High Court of Justice, 2 March 2018, GPF GP v. the Republic of Poland, [2018] EWHC 409

The High Court of Justice sets aside an investment arbitration award as the tribunal interpreted an underlying investment treaty too narrowly when it declined jurisdiction over certain claims.

The award on jurisdiction dated 15 February 2017 was rendered in SCC arbitration seated in London, under the Treaty between Poland, Belgium and Luxembourg (the “BIT”).

The BIT provides for arbitration over “…disputes relating to expropriation, nationalization or any other similar measures affecting investments, and notably the transfer of an investment into public property, placing it under public supervision as well as any other deprivation or restriction of property rights by state measures that lead to consequences similar to expropriation.”

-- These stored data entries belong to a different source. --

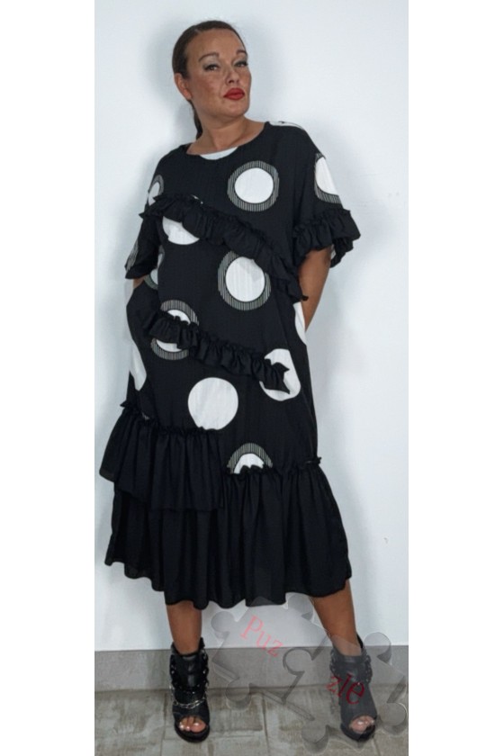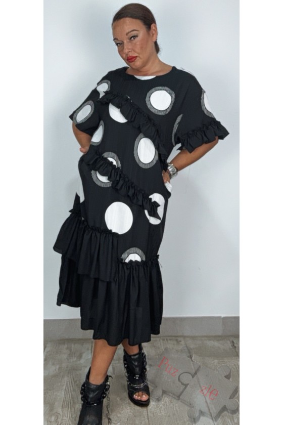 Vestido de tejido acordeón en tono negro con pinceladas en tono dorado, disponible en talla única que oscila desde la talla 38 a 54 sin problemas y sin marcar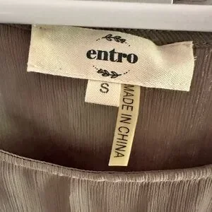Elegant sage green blouse by Entro. Features unique ruched sleeves. Lightweight and stylish.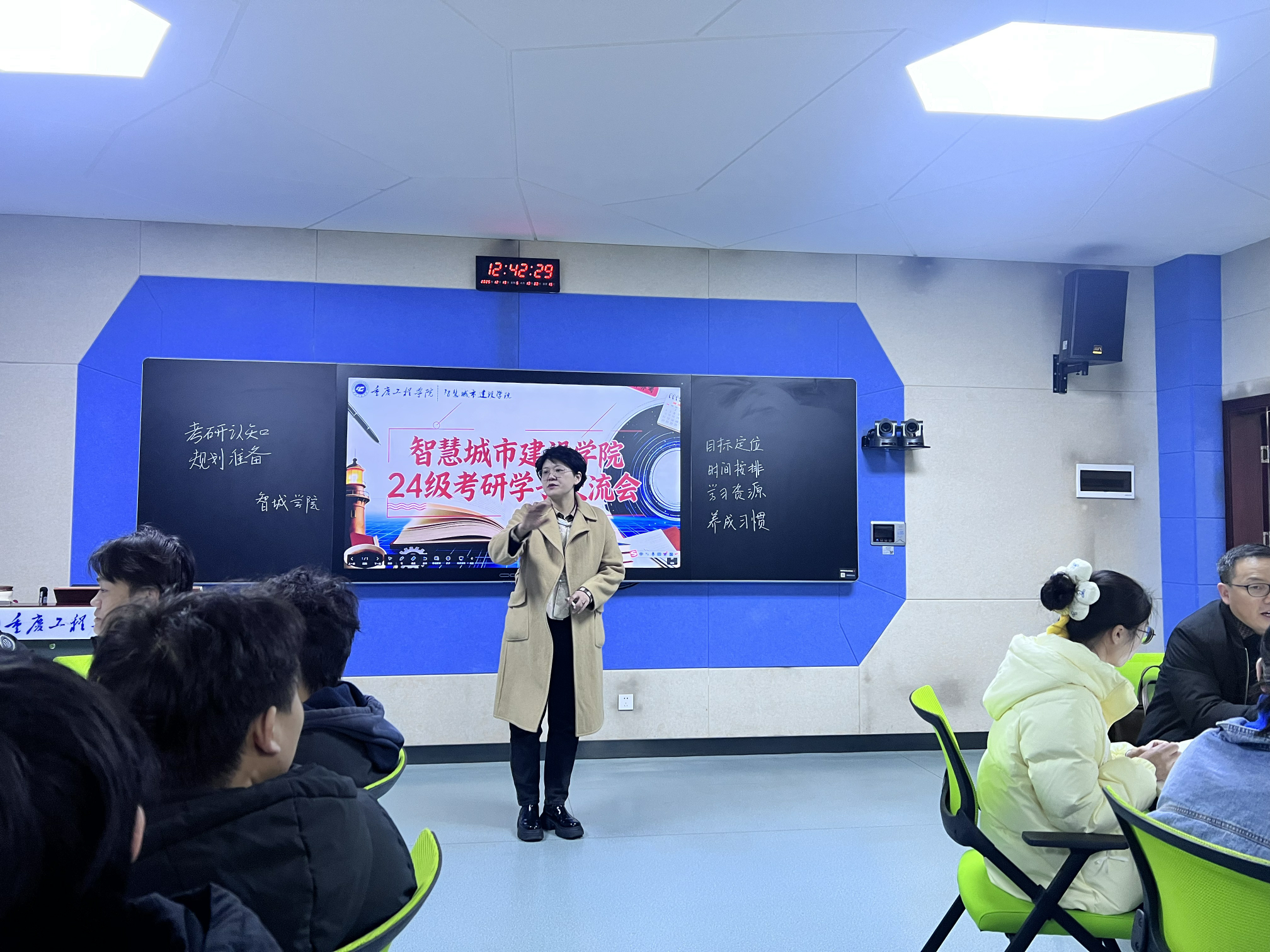 本网讯(文/图 刘洋 张徐宇) 为帮助2024级本科生科学规划学业发展路径、提前了解考研形势与政策,智慧城市建设学院于12月19日组织召开考研座谈会。院长雷江、书记唐和平、副院长李颖等学院领导及各科室负责人和2024级有意向考研的学生齐聚于学校图书馆智慧教室,围绕考研动机、备考策略、专业选择等话题展开深入交流。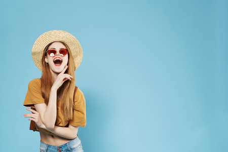 beautiful woman wearing a panama hat and glasses posing Studio Model unaltered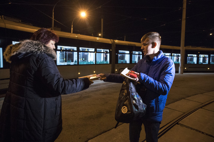«Василь водить трамвай уже 5 років, Олена – 2. Вони віддано люблять свою роботу. І вкладають в неї і свої сили, і душу. Поки місто ще спить, наші герої о 4:30 приходять в трамвайне депо імені Шевченка (Борщагівка), беруть шляхові листи і талони. Оглядають трамваї, чи вони технічно справні. І о 5-й ранку виходять на свої маршрути – №1, 2 або 3 - аби всі пасажири встигли вчасно дістатися у своїх справах, - зазначив Кличко. - Професія, розповідають вони, така, що ти не маєш права на помилку. Бо відповідаєш за людські життя. Не маєш і права на спізнення ні на хвилину. Адже, як кажуть Олена і Василь, якщо відстанеш від розкладу руху хоч на хвилинку, – за тобою вишикується ще 2-3 вагони. І утвориться затор на лінії, як на автомобільній дорозі. У трамваї вони зустрічають світанки. А от Олена Кравець зустріла ще й свою долю - чоловіка. Він – теж водій Шевченківського депо. Зустрілися, коли їхали назустріч один одному. Обоє були за кермом своїх «велетнів».

Griffin, a Luxembourg-based private equity group, invested in real estate in Poland. In interpreting the BIT arbitration agreement, the Tribunal’s jurisdiction was limited to considering whether the decision of the Warsaw Court of Appeal of 19 December 2014 had effects similar to an expropriation. The decision in this case ended Griffin’s real property rights on the basis of the delay in construction caused by the impediments of construction by Poland. Thus, the Tribunal excluded from its appreciation the claim for the breach of fair and equitable treatment and other aspects of indirect expropriation (measures prior to the court’s decision).

Justice Bryan sets aside the award and decides that the Tribunal has jurisdiction over all the claims pursuant to investment arbitration practice.

The issues of conformity of the BIT with EU law were not addressed.